Records from a data source:
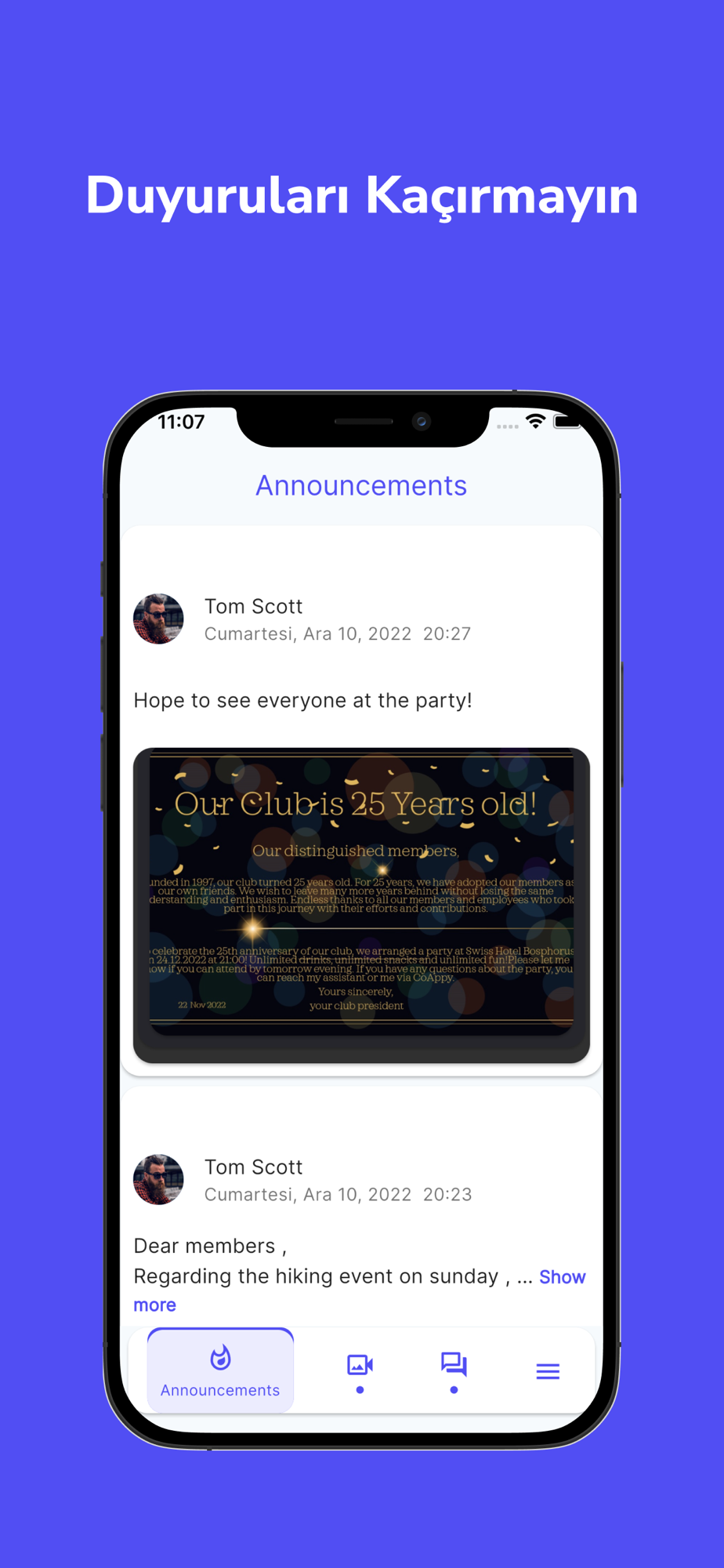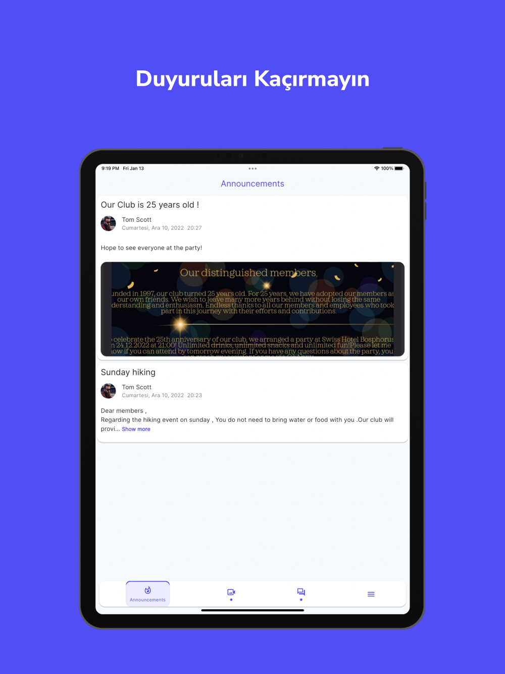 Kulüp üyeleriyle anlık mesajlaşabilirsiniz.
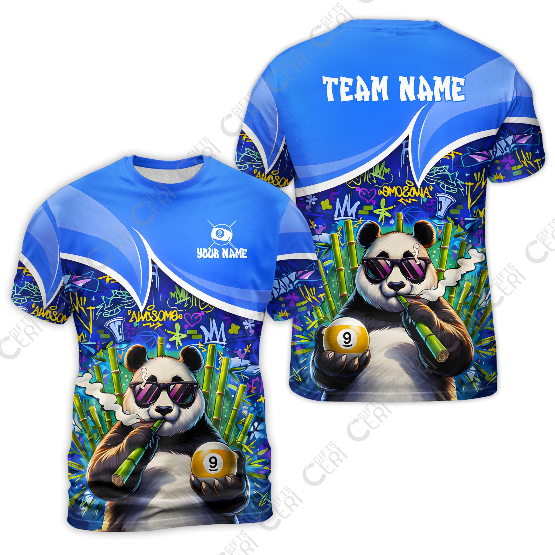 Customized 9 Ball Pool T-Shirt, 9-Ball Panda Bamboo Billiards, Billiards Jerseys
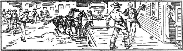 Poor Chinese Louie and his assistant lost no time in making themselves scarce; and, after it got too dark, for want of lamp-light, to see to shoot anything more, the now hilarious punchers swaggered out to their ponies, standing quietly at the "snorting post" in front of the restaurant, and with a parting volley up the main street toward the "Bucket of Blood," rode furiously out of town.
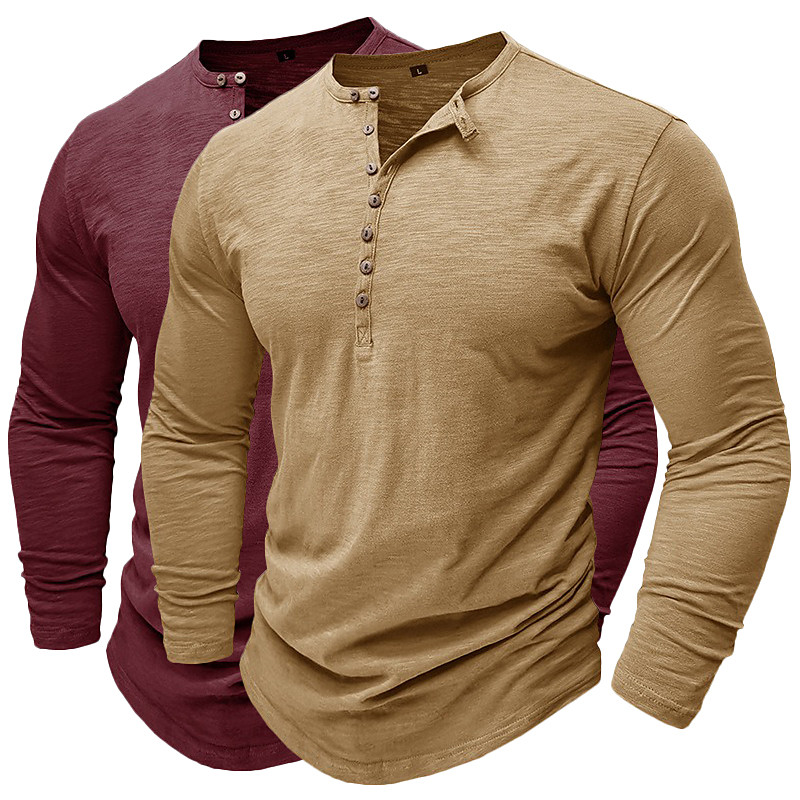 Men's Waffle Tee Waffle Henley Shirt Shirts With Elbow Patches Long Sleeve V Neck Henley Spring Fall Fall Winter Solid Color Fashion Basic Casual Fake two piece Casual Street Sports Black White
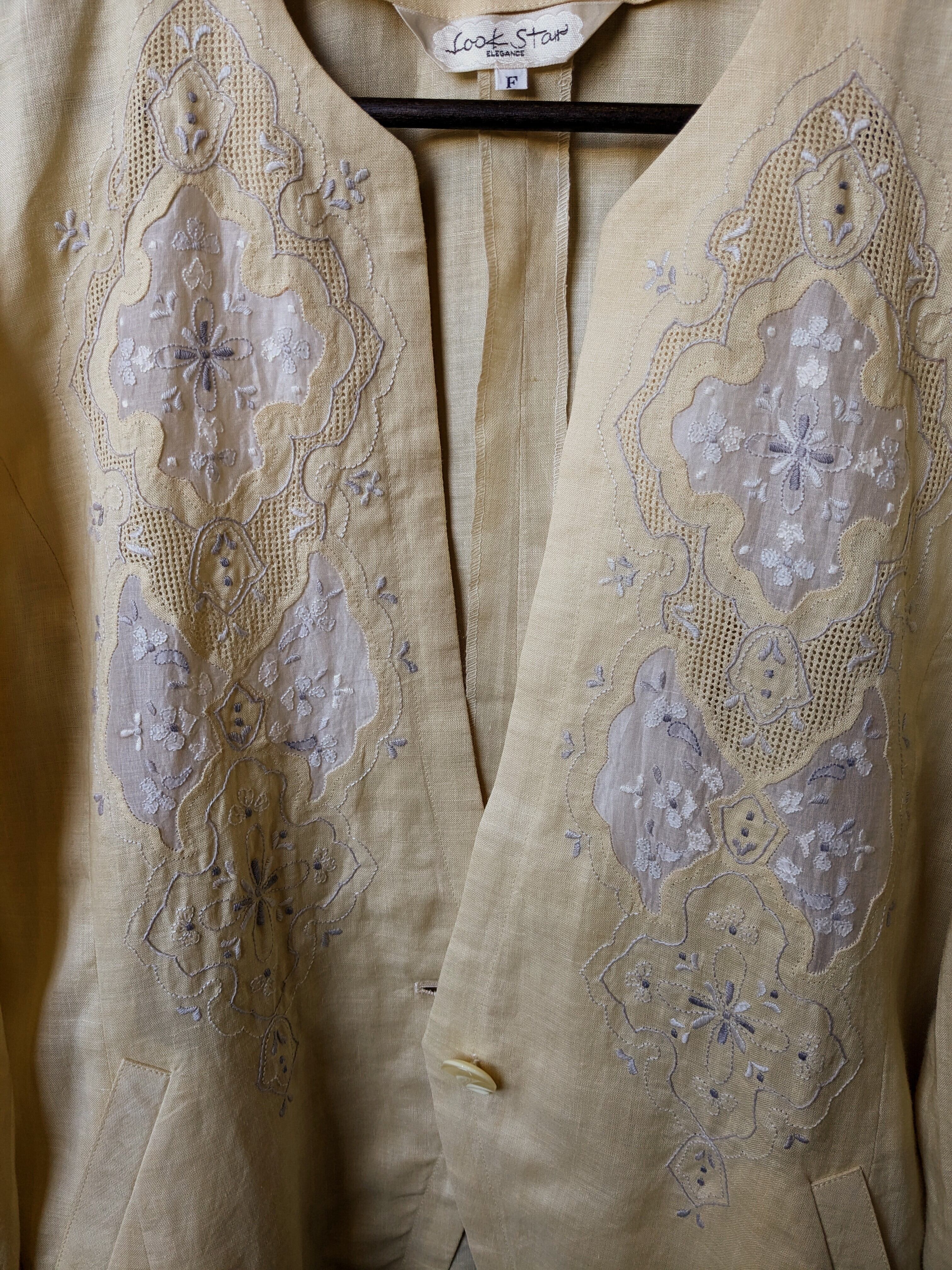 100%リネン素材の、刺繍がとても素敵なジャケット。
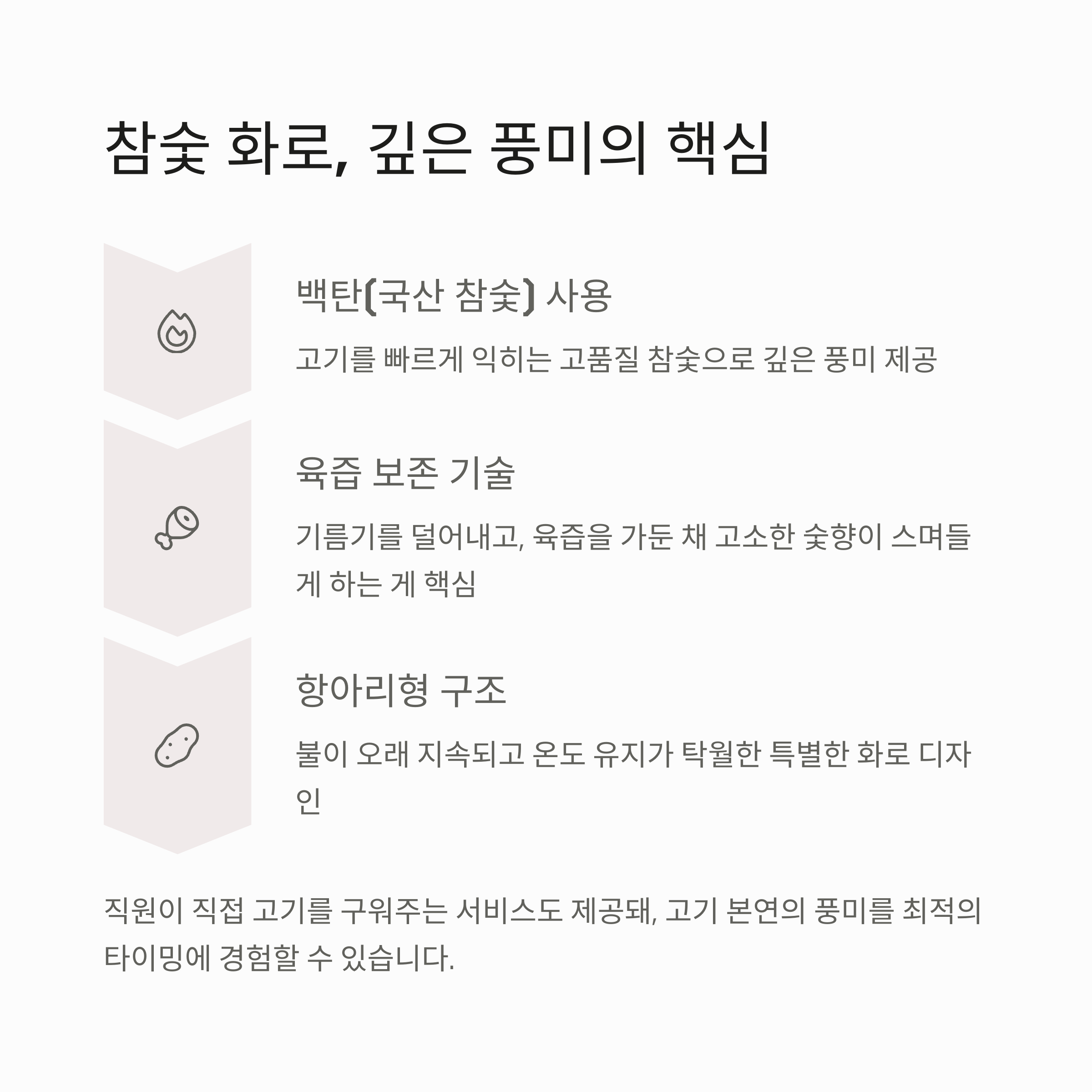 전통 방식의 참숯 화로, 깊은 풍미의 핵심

Exercise brief: Once more, please print all the lines above exactly, without their pictures.

Response:
 Kulüp üyeleriyle anlık mesajlaşabilirsiniz.
 Customized 9 Ball Pool T-Shirt, 9-Ball Panda Bamboo Billiards, Billiards Jerseys
 Poor Chinese Louie and his assistant lost no time in making themselves scarce; and, after it got too dark, for want of lamp-light, to see to shoot anything more, the now hilarious punchers swaggered out to their ponies, standing quietly at the "snorting post" in front of the restaurant, and with a parting volley up the main street toward the "Bucket of Blood," rode furiously out of town.
 Men's Waffle Tee Waffle Henley Shirt Shirts With Elbow Patches Long Sleeve V Neck Henley Spring Fall Fall Winter Solid Color Fashion Basic Casual Fake two piece Casual Street Sports Black White
 100%リネン素材の、刺繍がとても素敵なジャケット。
 전통 방식의 참숯 화로, 깊은 풍미의 핵심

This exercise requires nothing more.